Ich würde nicht so weit gehen, zu sagen, dass Preise eine Chimäre wären. Nennen wir sie einfach die "Währung", in der im Musikgeschäft die Professionalität aufgewogen wird. Wenn ich "Währung" sage, dann meine ich kleine Stückchen Papier, die stellvertretend für etwas ganz anderes verwendet werden.

So etwas ist in den USA übrigens eine rare Sache und es ist Glückssache, dass sich davon profitieren konnte! Hier in Europa ist die Vergabe von Preisen etwas viel Selbstverständlicheres und etwas, das man verteidigen und sich bewahren sollte. Die Vorstellung, dass die Künste öffentlich unterstützt gehören. In den USA muss man um so etwas kämpfen.

Vijay Iyer (Lynne Harty)

Carina: Du wirst in Saalfelden mit deinem Trio auftreten, danach folgt eine Tour. Inwieweit wird das Livekonzept von dem des Albums abweichen?

Vijay: Musik beim Entstehen zu erleben, verglichen damit, sie als Konserve zu konsumieren, ist natürlich eine ganz andere Art von Erfahrung. Man sieht, wo die Klänge herkommen. Was er daraus zieht, hängt davon ab, wieviel der jeweilige Zuhörer über die Prozesse weiß, die sich bei der Entstehung dieser bestimmten Musik abspielen.

Sieht man ein Ensemble wie unseres auf der Bühne, dann wird man mit dem Entscheidungsprozess konfrontiert, der sich zwischen uns in Echtzeit abspielt. Und mit der Tatsache, dass zwischen den Bandmitgliedern ein ständiger Informationsfluss stattfindet.

Ich würde ein gutes Konzert mit einem guten Basketballspiel vergleichen. In beiden Fällen ist man dabei, wie Leute in Echtzeit zusammenarbeiten.

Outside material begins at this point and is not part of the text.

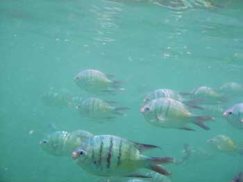 浜辺近くの浅い所には人がいなくなると透明な魚がスーッと群れでやってくる。岸近くの水中に静かに座っていると、人がいなくなったと思って魚がスーッと横切ったりするのを眺めれらるのだ。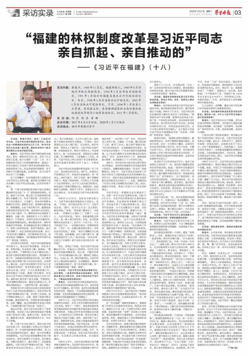采訪對象:黃建興,1948年11月生,福建閩侯人。1989年8月任福州市林業局副局長,1990年5月任市政府副秘書長,1991年1月起歷任福建省委辦公廳行政處副處長、處長,1998年4月任省委辦公廳副主任,2002年5月任省林業廳黨組書記、廳長,2008年1月任省人大常委、農經委主任,其間借調國家林業局任集體林權制度改革領導小組常務副組長。2011年1月退休。 采訪組:邱然 陳思 黃珊 采訪日期:2017年6月4日初訪,2020年1月5日核訪 采訪地點:福州市黃建興家中 采訪組:黃建興同志,您好!上世紀90年代初,習近平同志調任福州市委書記,您也在這一時期調到市政府辦公廳工作,90年代末你們又在省委一起共事。請您談談你們一起共事的情況以及您對他的印象。 黃建興:習近平同志1990年調任福州市委書記。那時,福州市有五區八縣,農村工作占到很大比重。他十分重視“三農”工作,為了加強市里對農村工作的協調和推動,提出讓一位農村基層工作過的干部任市政府副秘書長,協助市領導工作。經過市委組織部推薦,我于1990年5月就任此職。從那時起,我與習近平同志有了工作接觸。 在工作接觸中,我深刻感受到人民群眾在習近平同志心中的分量,感受到為民情懷已經深深融入習近平同志的血脈。這里列舉兩個例子。 第一個例子是妥善處理1990年連江縣琯頭鎮官岐村發生的“8·2”惡性群體性事件。當時,福州久旱不雨,鎮上派工作組到官岐村協調分水灌溉工作,有名干部發現一位農民私自擴大農田進水口,大發脾氣,爭執當中把群眾推倒在水田里。事情發生后,圍觀群眾越來越多,群情激憤。這名干部見勢不妙,跑離現場向鎮黨委負責同志匯報,說官岐村農民造反,應馬上派人教訓一下。鎮領導沒有認真細致了解情況,頭腦一熱,當即組織幾十個人把村子圍起來,打罵群眾,沖到村民家中打砸家具,造成的影響極其惡劣。琯頭鎮是僑鄉,海外華僑遍布世界各地,僑民知道這件事之后都很生氣,組織人到市里反映,要求嚴肅查辦。他們手頭掌握了一份記錄現場過程的錄像,表示:“如果市里不能解決,我們就到省里去告。如果省里還不能解決,我們就通過僑界告到中央去!”事態進一步惡化。 這件事發生的時候,習近平同志剛到福州市任職不久。他對這件事很重視,但處變不驚、非常沉穩。經過初步了解,他指出:“群眾是占理的,干部野蠻行為是不能容忍的。”他當機立斷組織調查組進行核實,然后做好安撫工作,再根據實際情況研究處理。這個調查組由公檢法等部門的十多位同志組成,讓我帶隊。臨走前,習近平同志特別叮嚀我下去之后不要搞官官相護,要多聽群眾意見,實事求是依法辦事。經過一個月認真細致地工作,調查組穩住了局面,掌握了真實情況,回來后向習近平同志主持的市委書記辦公會作了匯報。他聽取匯報并看了相關錄像,嚴肅指出:“這件事情處理的宗旨,就是為民伸張正義。對欺壓百姓的官員,一定要嚴懲不貸,絕不姑息。” 市委秘書長林文斌同志向連江縣委縣政府傳達了習近平同志的重要指示。縣里及時處理了毆打侮辱群眾的干部,并安撫了受害者。由于事情處理得公正、合理,得到了官岐村群眾的諒解。調查組離開時,村里的老百姓夾道歡送,還放了鞭炮,連江縣的海外鄉親也口耳相傳,大家都稱道習近平同志是“包青天”。 通過這件事,我對習近平同志留下了非常好的印象,也印證了我之前聽到的他在寧德地區留下的良好口碑。他那么年輕,卻敢于擔當,能夠秉公處事,替老百姓伸張正義,實在令人欽佩。 第二個例子發生在1998年,那時習近平同志在省委工作,我也調到了省委辦公廳直接為他服務。有一次我陪他到福清市調研,晚上8點多返回福州市區途中,遇見一起卡車和摩托車相撞事故。習近平同志看到騎摩托車男子倒在血泊中,要求立即停車下去看看。我們都勸他,交警已經到位了,就不用管了,還是繼續趕路吧。習近平同志嚴肅地對我們說:“倒在那里的如果是你們的親人,你們會不會下去。”他下車察看后,馬上叫人撥打120,接著俯下身握住傷者的手安慰他:“不要怕,我們周圍有這么多人幫忙呢。”10分鐘后,救護車趕到,等傷員上了救護車,習近平同志反復叮囑一定要搶救過來,然后才回到車上。在返城的車上,他一句話也沒有說,看得出來心情很沉重。車上靜悄悄的,大家都陷入了沉思。我想,習近平同志之所以堅持下車去看望傷者,是因為他確實把群眾當作了親人,十指連著心。 習近平同志還真誠愛護著身邊每一位工作人員,我對此也深有體會。1987年,省委辦公廳要調我去工作,但是因為家庭原因,我一直沒去。1988年夏天,我忙于抗洪,疏于照顧家中孩子,耽誤了醫治時間,17歲的兒子在生病17天后突然離世。這個令人無法接受的現實,給我造成了非常沉重的打擊。那段時間,我的精神幾近恍惚。1990年下半年,省委辦公廳又動議調我去,這次是通過習近平同志做我的工作。 1990年12月26日,是我至今難忘的日子,習近平同志請我到他的辦公室談心。我說:“習書記,我不想去省里工作了。”習近平同志說:“建興,你為什么不去?怎么想的,跟我說說。”我說:“我連孩子都沒有了,對我來說,一切都沒什么意思了。”沉默了一小會兒,習近平同志說:“建興,你所遇到的這種打擊,是一般人難以承受的。但是,過去的事情誰也無法改變了。你作為一個男子漢,千萬不要消沉下去,一定要振作起來。你調到省里面,工作

Und darin liegt auch der Reiz. Nicht nur die Musik, die entsteht, sondern die Aktion, die dazu führt, dass sie entsteht und die Reihenfolge, in der sich alles abspielt.

Der Prozess ist es, der das Ganze lebendig werden lässt. Wir machen auf der Bühne fast so etwas wie ein gemeinsames Ritual daraus. Wir lassen die Musik sich ausdehnen, bis sie quasi eine eigene Welt bildet, die die Welt dort draußen für eine Stunde oder zwei – je nachdem, wie lange wir spielen – vergessen macht. Zumindest hoffe ich, dass es für die Zuhörer so sein wird.

Vijay Iyer (Jimmy Katz)

Carina: Du bist ein Autodidakt am Klavier. Wir lernen aber alle auch von Vorbildern und anderen Dingen – welcher Einzelmusiker ist der wichtigste Einfluss für deine Musik und deinen musikalischen Werdegang?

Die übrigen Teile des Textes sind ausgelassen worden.